In 2020, Strathairn was one of the few genuine actors in the Oscar-winner Nomadland, directed by Chloé Zhao. David appears alongside his son Tay, the first time they have acted together on screen since 1988's Eight Men Out when Tay was just eight years old.

Strathairn stars in the upcoming film Remember This, based on the stage play about the life of a Polish diplomat and war hero Jan Karski. The film is executive-produced by Eva Anisko and directed by Jeff Hutchens and Derek Goldman.

Theater
Strathairn is also a stage actor and has performed over 30 theatrical roles. He performed several roles in stage plays by Harold Pinter. He played Stanley in two consecutive New York Classic Stage Company (CSC) productions of Pinter's 1957 play The Birthday Party, directed by Carey Perloff (since 1992 artistic director of the American Conservatory Theater), in 1988 and 1989; the dual roles of prison Officer and Prisoner in Pinter's 1989 play Mountain Language (in a double bill with the second CSC Rep production of The Birthday Party); Edwin Booth in a workshop production by W. Stuart McDowell at The Players in 1989; Kerner, in Tom Stoppard's Hapgood (1994); and Devlin, opposite Lindsay Duncan's Rebecca, in Pinter's 1996 two-hander Ashes to Ashes in the 1999 New York premiere by the Roundabout Theatre Company.

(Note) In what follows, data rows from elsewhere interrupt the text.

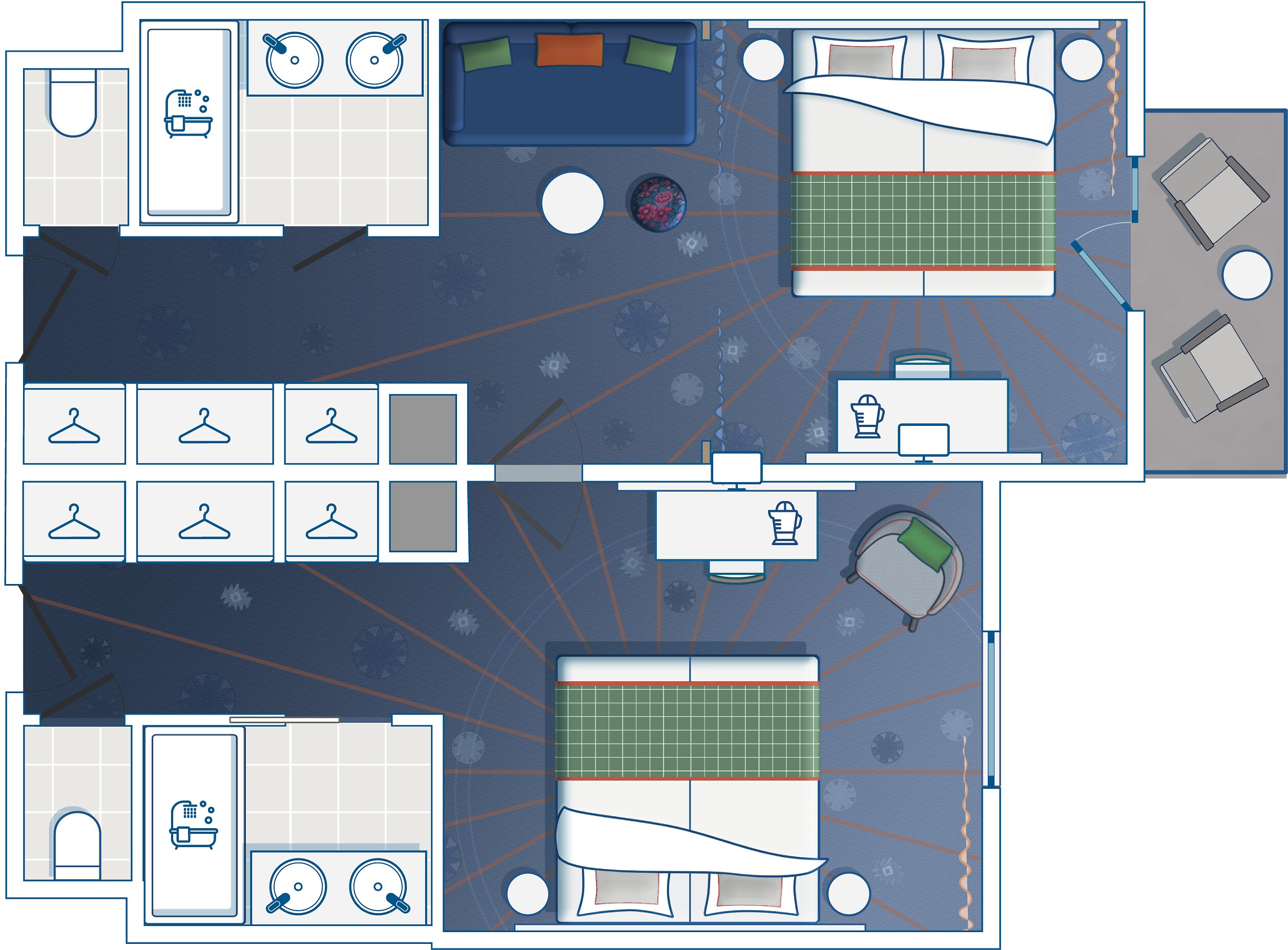 Queste camere comunicanti, calde e luminose, sono perfette per le famiglie: una camera per i genitori e una camera con balcone e 2 zone notte per i bambini.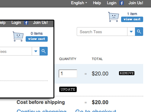 Threadless 的購(gòu)物車(chē)在沒(méi)有商品放入時(shí)會(huì)呈現(xiàn)出憂(yōu)傷的表情,反之則會(huì)表現(xiàn)的非常開(kāi)心。這樣的小細(xì)節(jié)會(huì)讓你覺(jué)得平凡而有趣,甚至?xí)挥勺灾鞯男ζ饋?lái)。即使用戶(hù)最終沒(méi)有產(chǎn)生購(gòu)物行為,他們也會(huì)記住這個(gè)可愛(ài)的購(gòu)物車(chē)。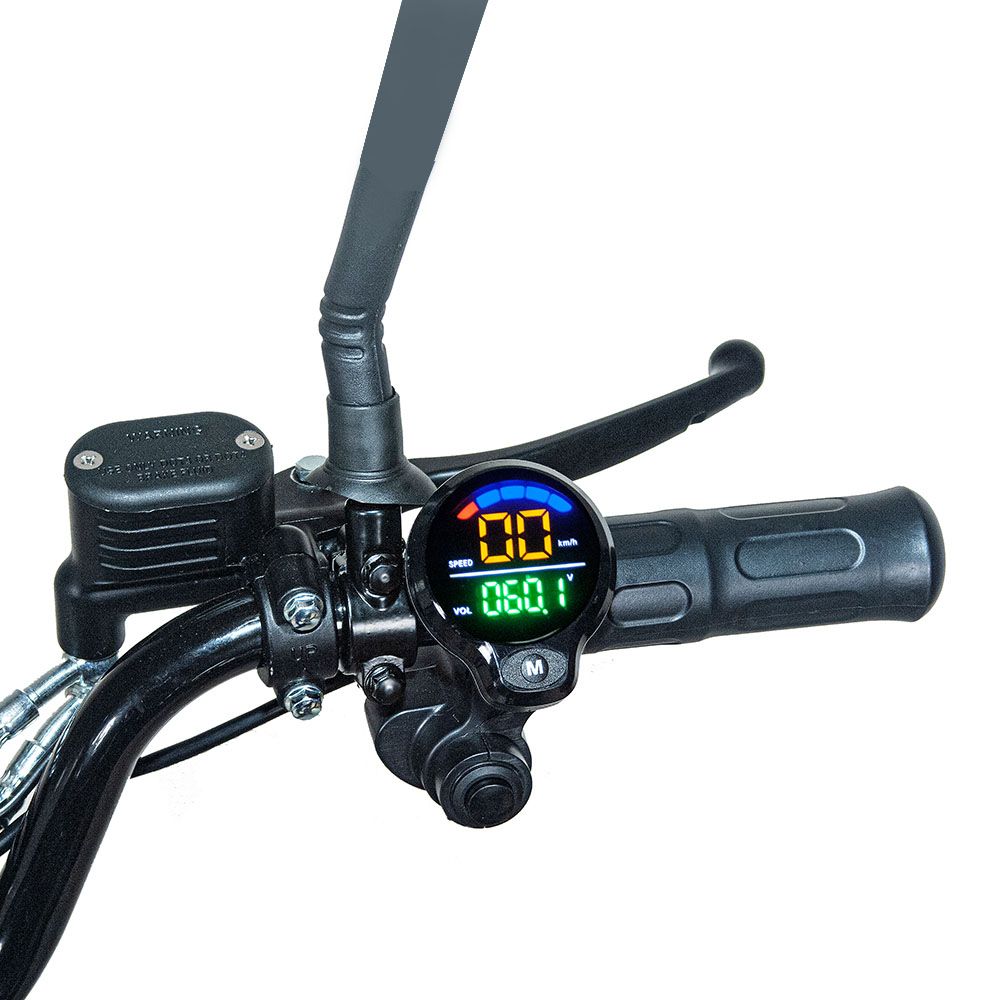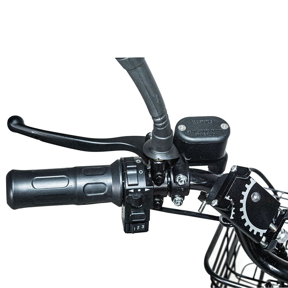 Рама электрического велосипеда выполнена из прочного алюминия. Велосипед оснащен качественными гидравлическими тормозами, которые работают точно и плавно, обеспечивая безопасность и комфорт при торможении. Амортизационная вилка позволяет плавно преодолевать неровности дороги, повышает маневренность велосипеда и поглощает все удары при торможении.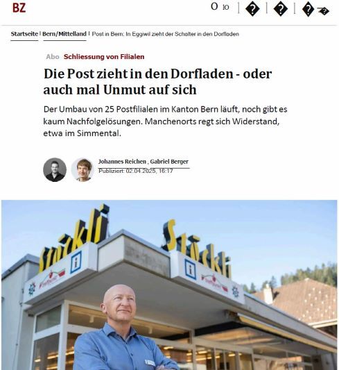 «Eggiwil, ganz zuhinterst im Emmental. Hier, wo das Durchschnittseinkommen im nationalen Schnitt zu den tiefsten gehört, führt Christian Stettler einen Dorladen. Mittlerweile in der zehnten Generation. Zu diesem gehören auch eine Bäckerei mit Café sowie eine Drogerie. Das «Stöckli Eggiwil» ist ein wichtiger Trefpunkt im Dorf... »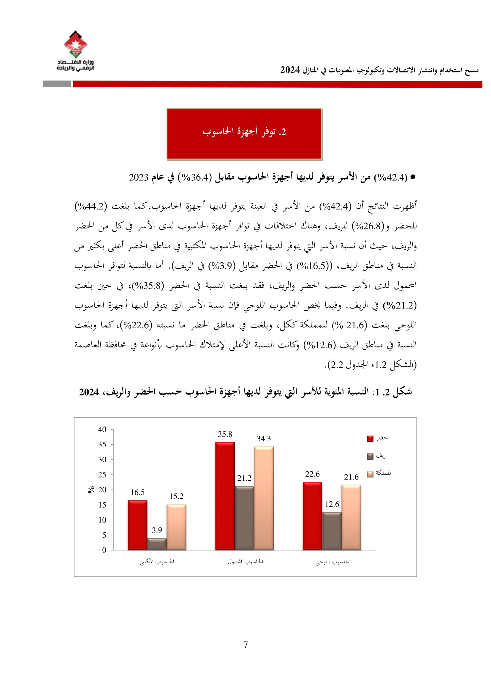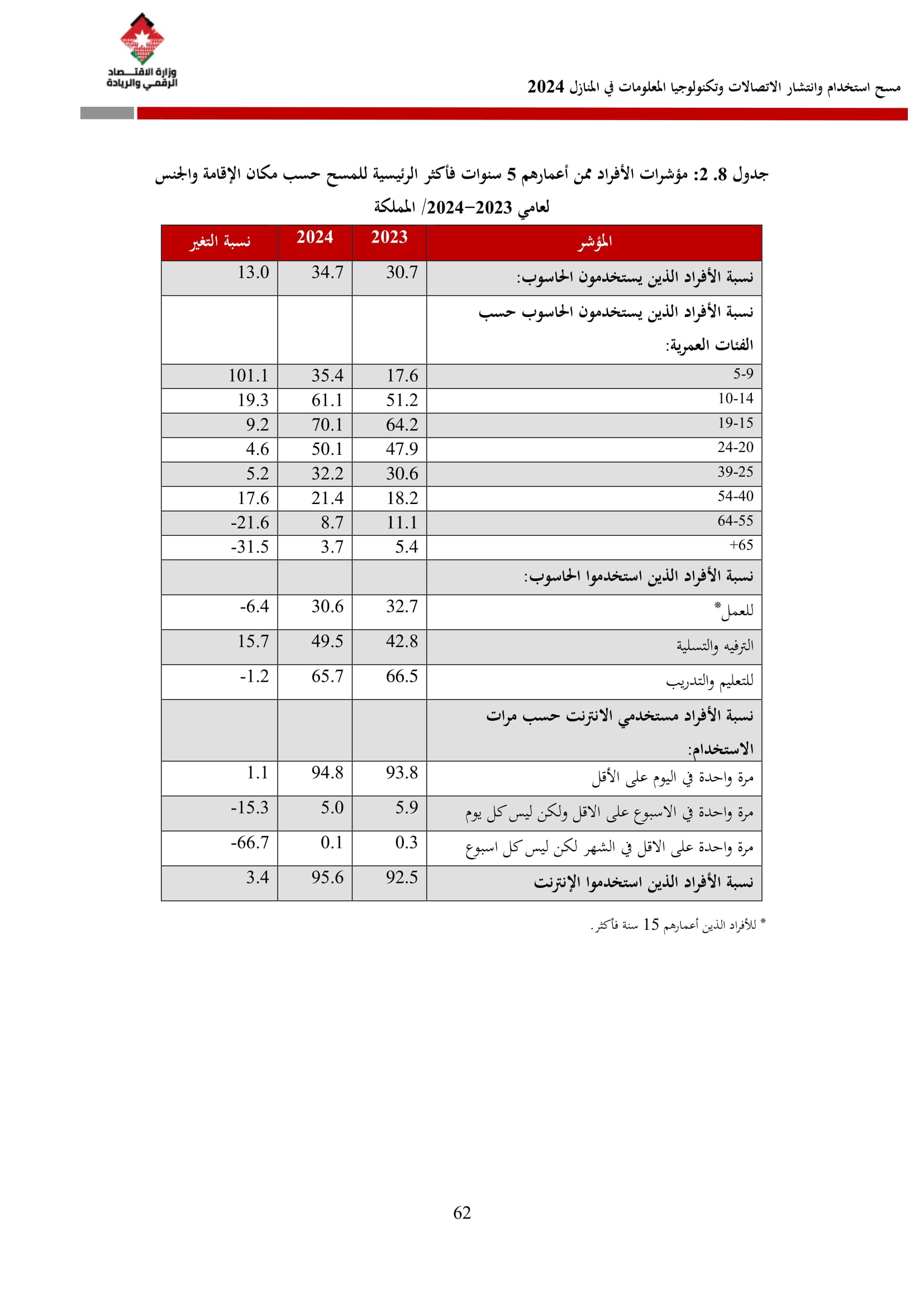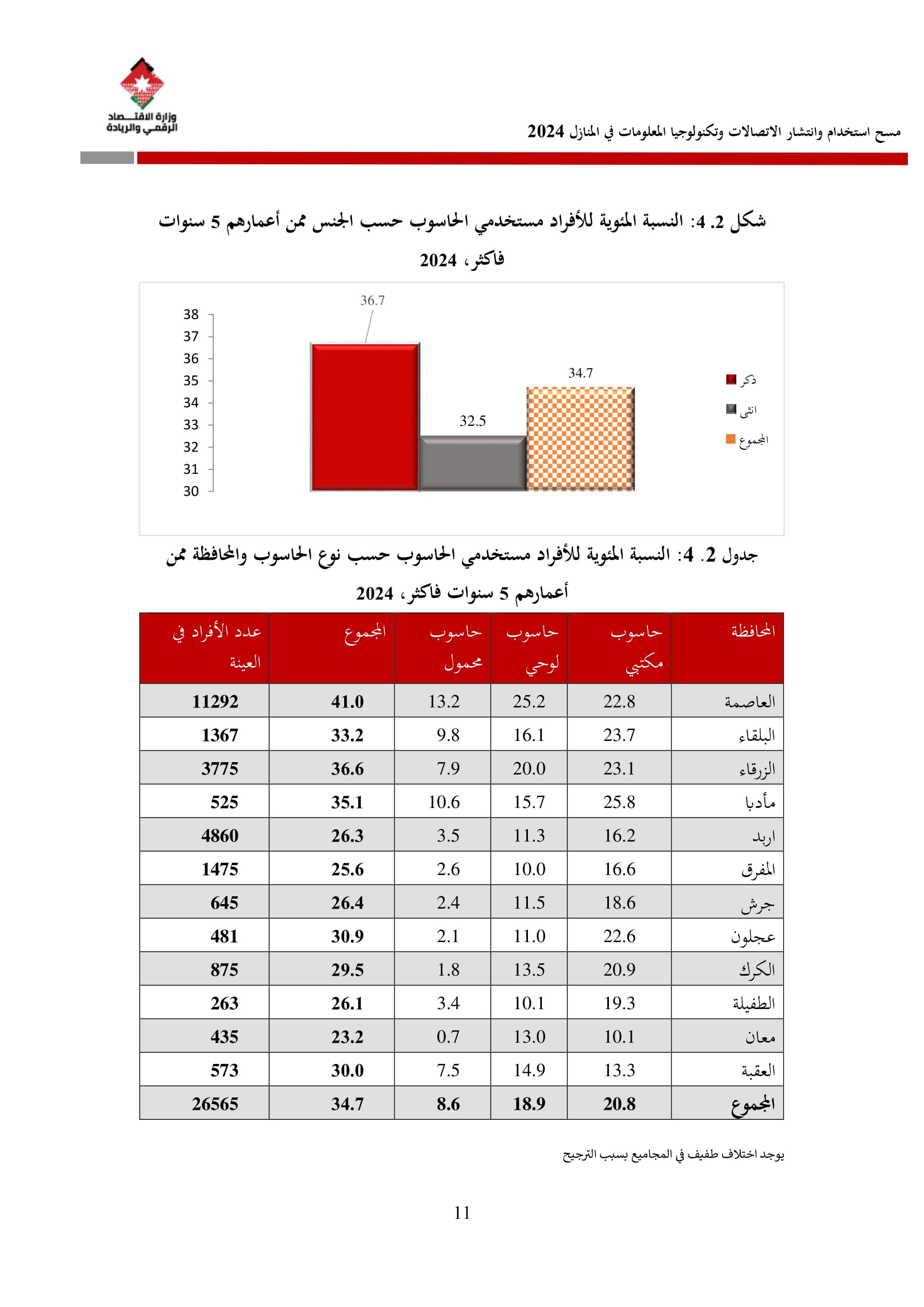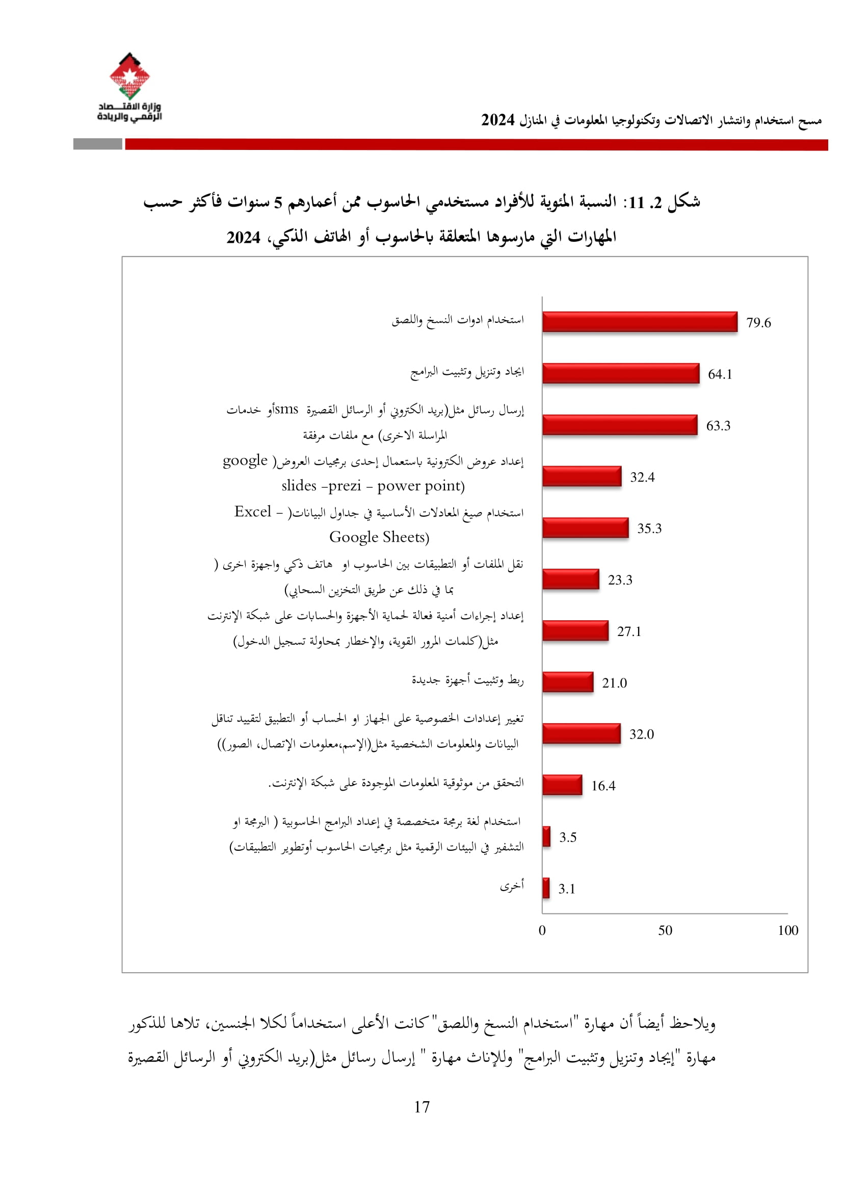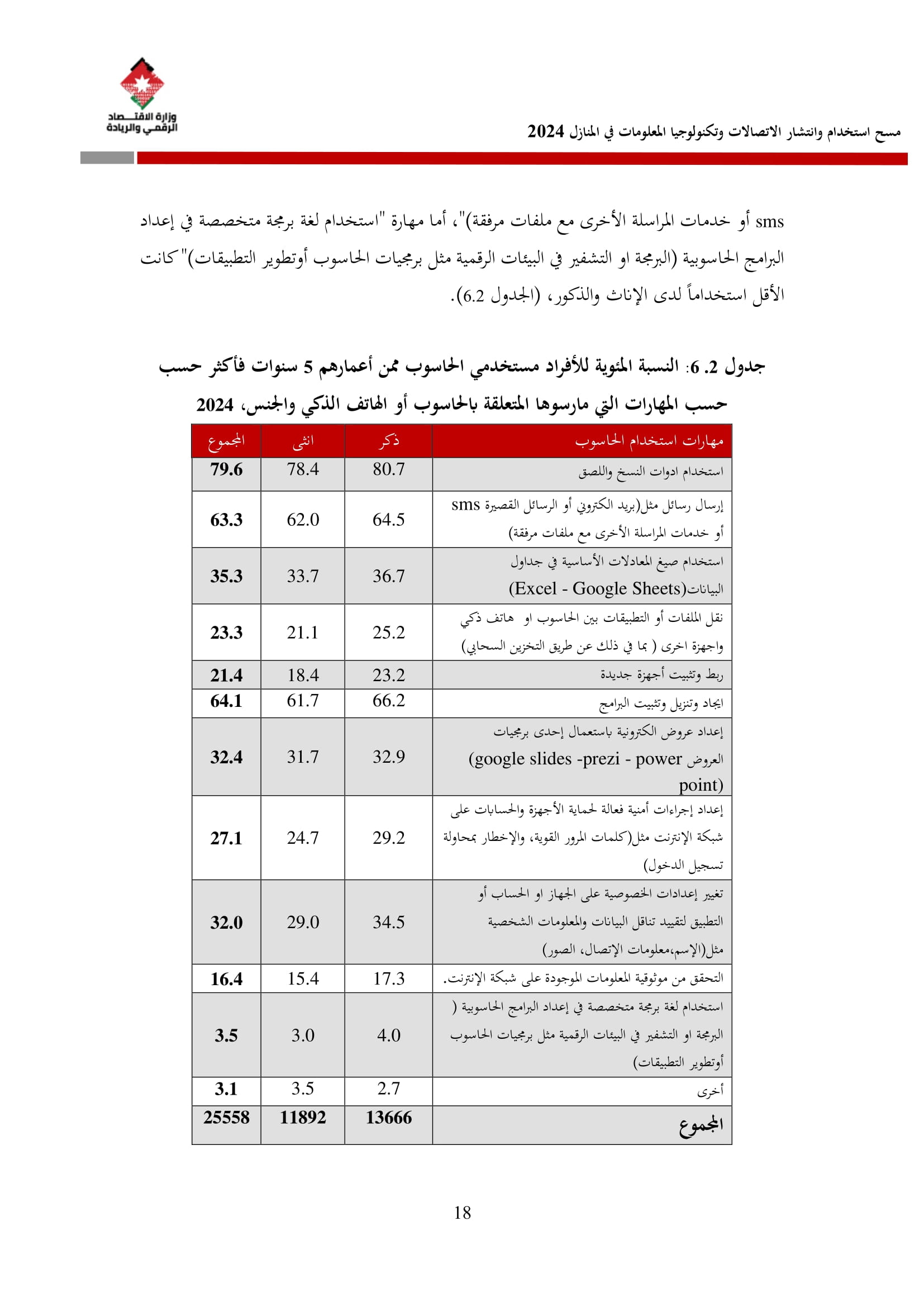 وأظهرت نتائج المسح زيادة في نسبة الأسر التي تمتلك حاسوبًا لتصل إلى 42.4% مقارنة بـ 36.4% في عام 2023، وتوزعت بين الحواسيب المحمولة (34.3%)، والأجهزة اللوحية (21.6%)، والحواسيب المكتبية (15.2%). أما على مستوى استخدام الحواسيب، فقد بلغت نسبة الأفراد المستخدمين للحواسيب 34.7%، وكانت أبرز المهارات الرقمية الشائعة هي النسخ واللصق (79.6%)، وتنزيل البرامج (64.1%)، وإعداد العروض الإلكترونية (324%).

In 2015 Strathairn appeared in Anton Chekov's The Cherry Orchard with Mary McDonnell at People's Light theater in Malvern, Pennsylvania. He lent his voice talents to an adaptation in the form of a radio play of Sinclair Lewis' It Can't Happen Here by the Berkeley Repertory Theatre in October 2020.

Strathairn plays Jan Karski in the one-man play Remember This: The Lesson of Jan Karski, written by Clark Young and Derek Goldman. The play is an original production by The Laboratory for Global Performance and Politics at Georgetown University. In 2021, Strathairn garnered critical acclaim for a production of Remember This at the Chicago Shakespeare Theater.

Personal life
Strathairn narrated a biographical video to introduce Barack Obama before his acceptance speech at the 2008 Democratic National Convention.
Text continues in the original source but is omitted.